Data for this exercise Start Marker

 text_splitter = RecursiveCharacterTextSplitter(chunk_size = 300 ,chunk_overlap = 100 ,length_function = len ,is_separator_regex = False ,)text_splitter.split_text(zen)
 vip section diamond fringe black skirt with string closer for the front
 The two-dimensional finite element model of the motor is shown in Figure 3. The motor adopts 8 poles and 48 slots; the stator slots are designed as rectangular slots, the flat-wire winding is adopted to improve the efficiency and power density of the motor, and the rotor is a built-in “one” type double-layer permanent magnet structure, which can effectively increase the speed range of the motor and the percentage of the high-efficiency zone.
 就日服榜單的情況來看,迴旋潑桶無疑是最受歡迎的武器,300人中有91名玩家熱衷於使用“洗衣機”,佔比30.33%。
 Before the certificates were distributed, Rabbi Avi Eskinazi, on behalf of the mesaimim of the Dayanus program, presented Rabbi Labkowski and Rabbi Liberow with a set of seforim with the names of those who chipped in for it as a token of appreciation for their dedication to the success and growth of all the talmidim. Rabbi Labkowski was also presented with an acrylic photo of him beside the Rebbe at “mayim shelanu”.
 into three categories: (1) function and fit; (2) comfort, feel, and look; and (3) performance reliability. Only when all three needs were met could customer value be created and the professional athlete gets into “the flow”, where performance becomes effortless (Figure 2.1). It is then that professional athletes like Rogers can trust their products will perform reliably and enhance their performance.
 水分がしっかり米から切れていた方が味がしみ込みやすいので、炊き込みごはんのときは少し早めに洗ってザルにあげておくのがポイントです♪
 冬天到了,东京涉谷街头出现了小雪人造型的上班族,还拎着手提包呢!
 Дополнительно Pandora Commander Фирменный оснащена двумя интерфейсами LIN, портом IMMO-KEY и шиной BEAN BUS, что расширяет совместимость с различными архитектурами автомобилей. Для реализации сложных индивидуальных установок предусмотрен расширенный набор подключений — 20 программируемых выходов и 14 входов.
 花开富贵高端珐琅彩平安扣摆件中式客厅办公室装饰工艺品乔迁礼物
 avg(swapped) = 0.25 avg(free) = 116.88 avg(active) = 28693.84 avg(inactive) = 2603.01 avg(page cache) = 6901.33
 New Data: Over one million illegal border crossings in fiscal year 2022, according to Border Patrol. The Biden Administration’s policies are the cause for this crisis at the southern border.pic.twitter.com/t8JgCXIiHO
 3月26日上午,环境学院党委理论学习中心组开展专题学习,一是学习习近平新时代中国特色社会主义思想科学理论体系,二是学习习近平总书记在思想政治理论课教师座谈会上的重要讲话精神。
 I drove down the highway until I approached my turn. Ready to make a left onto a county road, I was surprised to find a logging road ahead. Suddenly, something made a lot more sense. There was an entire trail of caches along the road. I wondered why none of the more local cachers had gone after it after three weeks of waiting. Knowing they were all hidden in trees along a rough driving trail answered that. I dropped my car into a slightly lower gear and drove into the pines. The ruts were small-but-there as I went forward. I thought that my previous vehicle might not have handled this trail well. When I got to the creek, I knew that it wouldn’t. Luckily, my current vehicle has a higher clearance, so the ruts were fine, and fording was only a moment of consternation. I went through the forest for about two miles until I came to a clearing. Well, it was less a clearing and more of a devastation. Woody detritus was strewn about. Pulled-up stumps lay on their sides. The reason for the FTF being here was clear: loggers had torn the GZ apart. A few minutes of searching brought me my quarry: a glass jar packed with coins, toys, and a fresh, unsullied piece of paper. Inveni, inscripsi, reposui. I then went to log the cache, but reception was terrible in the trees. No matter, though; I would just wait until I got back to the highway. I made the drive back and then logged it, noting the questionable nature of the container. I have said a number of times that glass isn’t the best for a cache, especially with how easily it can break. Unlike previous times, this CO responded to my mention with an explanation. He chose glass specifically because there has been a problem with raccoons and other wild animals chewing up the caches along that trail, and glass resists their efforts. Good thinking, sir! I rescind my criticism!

Data for this exercise End Marker

Work task ->
Please make an exact copy of the entries, down to the last character.

Solution ->
 text_splitter = RecursiveCharacterTextSplitter(chunk_size = 300 ,chunk_overlap = 100 ,length_function = len ,is_separator_regex = False ,)text_splitter.split_text(zen)
 vip section diamond fringe black skirt with string closer for the front
 The two-dimensional finite element model of the motor is shown in Figure 3. The motor adopts 8 poles and 48 slots; the stator slots are designed as rectangular slots, the flat-wire winding is adopted to improve the efficiency and power density of the motor, and the rotor is a built-in “one” type double-layer permanent magnet structure, which can effectively increase the speed range of the motor and the percentage of the high-efficiency zone.
 就日服榜單的情況來看,迴旋潑桶無疑是最受歡迎的武器,300人中有91名玩家熱衷於使用“洗衣機”,佔比30.33%。
 Before the certificates were distributed, Rabbi Avi Eskinazi, on behalf of the mesaimim of the Dayanus program, presented Rabbi Labkowski and Rabbi Liberow with a set of seforim with the names of those who chipped in for it as a token of appreciation for their dedication to the success and growth of all the talmidim. Rabbi Labkowski was also presented with an acrylic photo of him beside the Rebbe at “mayim shelanu”.
 into three categories: (1) function and fit; (2) comfort, feel, and look; and (3) performance reliability. Only when all three needs were met could customer value be created and the professional athlete gets into “the flow”, where performance becomes effortless (Figure 2.1). It is then that professional athletes like Rogers can trust their products will perform reliably and enhance their performance.
 水分がしっかり米から切れていた方が味がしみ込みやすいので、炊き込みごはんのときは少し早めに洗ってザルにあげておくのがポイントです♪
 冬天到了,东京涉谷街头出现了小雪人造型的上班族,还拎着手提包呢!
 Дополнительно Pandora Commander Фирменный оснащена двумя интерфейсами LIN, портом IMMO-KEY и шиной BEAN BUS, что расширяет совместимость с различными архитектурами автомобилей. Для реализации сложных индивидуальных установок предусмотрен расширенный набор подключений — 20 программируемых выходов и 14 входов.
 花开富贵高端珐琅彩平安扣摆件中式客厅办公室装饰工艺品乔迁礼物
 avg(swapped) = 0.25 avg(free) = 116.88 avg(active) = 28693.84 avg(inactive) = 2603.01 avg(page cache) = 6901.33
 New Data: Over one million illegal border crossings in fiscal year 2022, according to Border Patrol. The Biden Administration’s policies are the cause for this crisis at the southern border.pic.twitter.com/t8JgCXIiHO
 3月26日上午,环境学院党委理论学习中心组开展专题学习,一是学习习近平新时代中国特色社会主义思想科学理论体系,二是学习习近平总书记在思想政治理论课教师座谈会上的重要讲话精神。
 I drove down the highway until I approached my turn. Ready to make a left onto a county road, I was surprised to find a logging road ahead. Suddenly, something made a lot more sense. There was an entire trail of caches along the road. I wondered why none of the more local cachers had gone after it after three weeks of waiting. Knowing they were all hidden in trees along a rough driving trail answered that. I dropped my car into a slightly lower gear and drove into the pines. The ruts were small-but-there as I went forward. I thought that my previous vehicle might not have handled this trail well. When I got to the creek, I knew that it wouldn’t. Luckily, my current vehicle has a higher clearance, so the ruts were fine, and fording was only a moment of consternation. I went through the forest for about two miles until I came to a clearing. Well, it was less a clearing and more of a devastation. Woody detritus was strewn about. Pulled-up stumps lay on their sides. The reason for the FTF being here was clear: loggers had torn the GZ apart. A few minutes of searching brought me my quarry: a glass jar packed with coins, toys, and a fresh, unsullied piece of paper. Inveni, inscripsi, reposui. I then went to log the cache, but reception was terrible in the trees. No matter, though; I would just wait until I got back to the highway. I made the drive back and then logged it, noting the questionable nature of the container. I have said a number of times that glass isn’t the best for a cache, especially with how easily it can break. Unlike previous times, this CO responded to my mention with an explanation. He chose glass specifically because there has been a problem with raccoons and other wild animals chewing up the caches along that trail, and glass resists their efforts. Good thinking, sir! I rescind my criticism!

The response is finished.